▸ **Supplied information**:
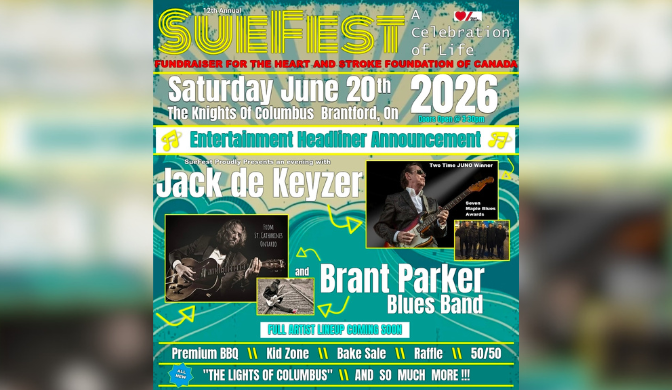 Knights of Columbus, 12 Catharine Ave., Brantford 12th Annual SueFest 2026 – LIVE Music Festival June 20, 2026 | Knights of Columbus (12 Catharine Ave.), Brantford Get Your Digital Tickets Here! Hard copy tickets available starting May 4 at the Knights of Columbus, Brantford, ON Featuring a stellar line-up of musicians, including Jack de Keyzer and the Brant Parker Blues Band and more! […]
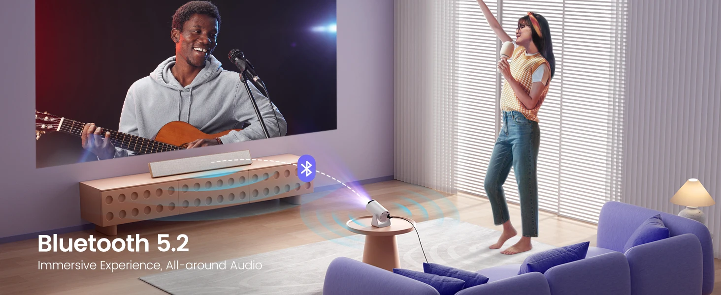 ?2.4G/5G Dual Band WiFi & Bluetooth 5.2?Dual assurance with both 5G and 2.4G speedy WiFi options, along with dependable wired connections. In addition to wireless screen mirroring through Miracast and Airplay, Projector supports wired screen mirroring, enabling seamless YouTube streaming under a wired connection. Connect Bluetooth headphones, speakers, or AirPods more stably with Bluetooth 5.2.
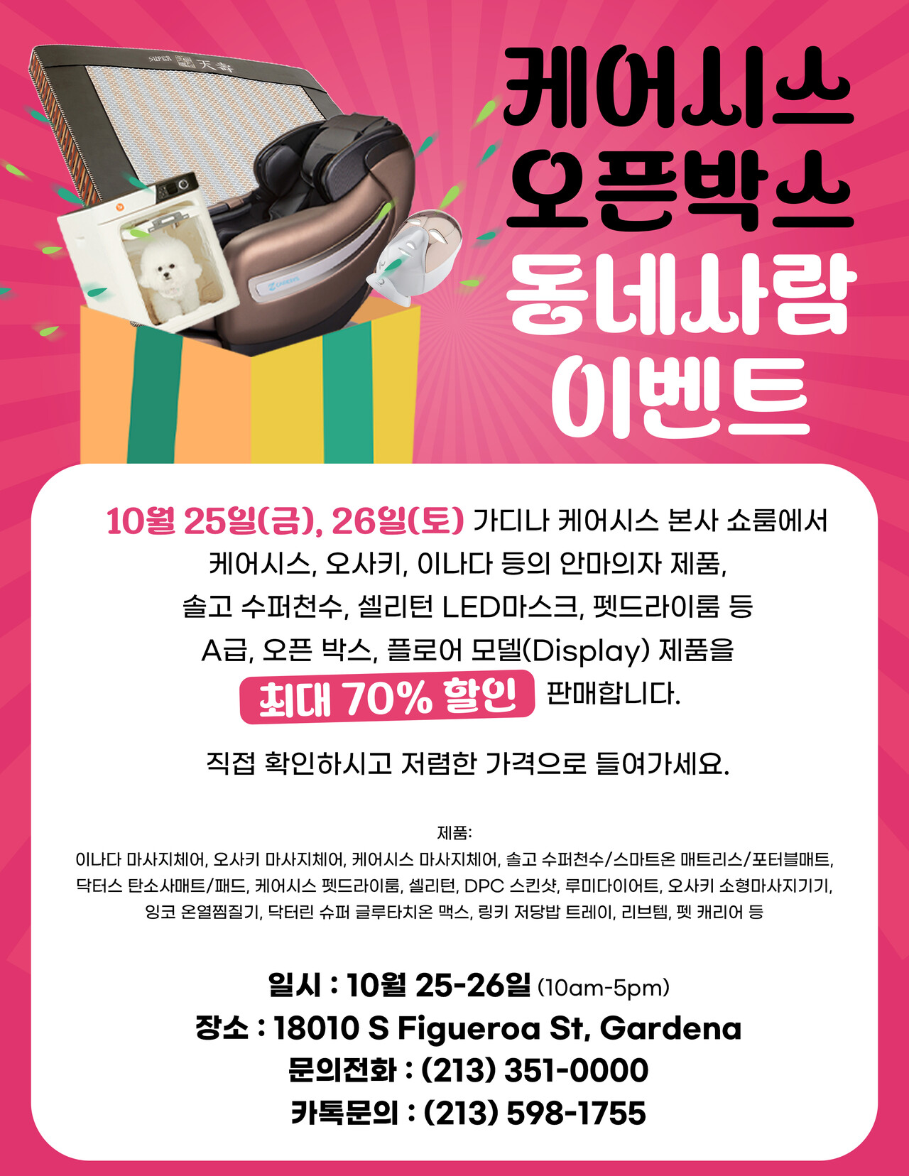 케어시스 가디나 쇼룸에서 오픈박스 세일을 실시합니다.

▸ **Task description**: Set the lines down exactly as they stand, from the one containing "with Bluetooth 5.2." through the end of the listing, omitting every picture.

▸ **Problem solution**:
 ?2.4G/5G Dual Band WiFi & Bluetooth 5.2?Dual assurance with both 5G and 2.4G speedy WiFi options, along with dependable wired connections. In addition to wireless screen mirroring through Miracast and Airplay, Projector supports wired screen mirroring, enabling seamless YouTube streaming under a wired connection. Connect Bluetooth headphones, speakers, or AirPods more stably with Bluetooth 5.2.
 케어시스 가디나 쇼룸에서 오픈박스 세일을 실시합니다.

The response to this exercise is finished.